Response network analysis

One important aspect of computational systems biology includes the identification and analysis of functional response networks within large biochemical networks. These functional response networks represent the response of a biological system under a particular experimental condition which can be used to pinpoint critical biological processes.

For this purpose, we have developed a novel algorithm to calculate response networks as scored/weighted sub-graphs spanned by k-shortest simple (loop free) paths. The k-shortest simple path algorithm is based on a forward/backward chaining approach synchronized between pairs of processors. The algorithm scales linear with the number of processors used. The algorithm implementation is using a Linux cluster platform, MPI lam and mpiJava messaging as well as the Java language for the application.

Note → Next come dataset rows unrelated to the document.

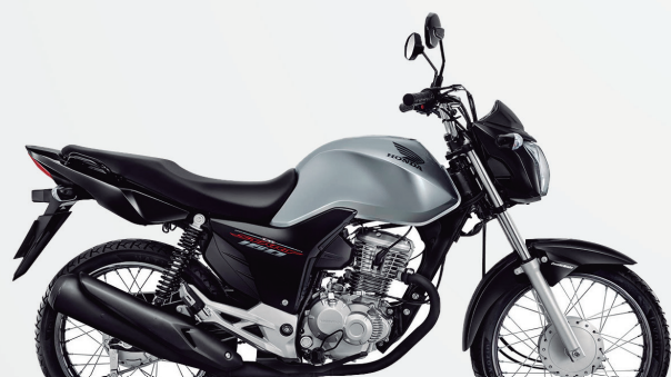
3° Prêmio: Motocicleta CG 160cc START - Ano/Modelo 2022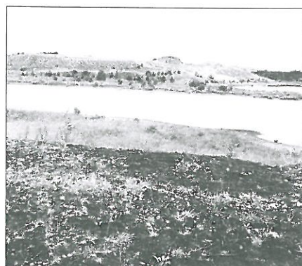
Søby brunkulsejer i gamle dage.

I dag har Danmarks stør- ste entreprenørvirksomhed 4.900 ansatte og en årsom- sætning på 10,3 milliarder kroner.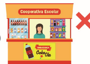
6 No permitir la publicidad de alimentos y bebidas ultraprocesados al interior de la escuela

The algorithm is performed on a hybrid human network consisting of 45,041 nodes and 438,567 interactions together with gene expression information obtained from human cell-lines infected by influenza virus. Its response networks show the early innate immune response and virus triggered processes within human epithelial cells. Especially under the imminent threat of a pandemic caused by novel influenza strains, such as the current H1N1 strain, these analyses are crucial for a comprehensive understanding of molecular processes during early phases of infection. Such a systems level understanding may aid in the identification of therapeutic markers and in drug development for diagnosis and finally prevention of a potentially dangerous disease.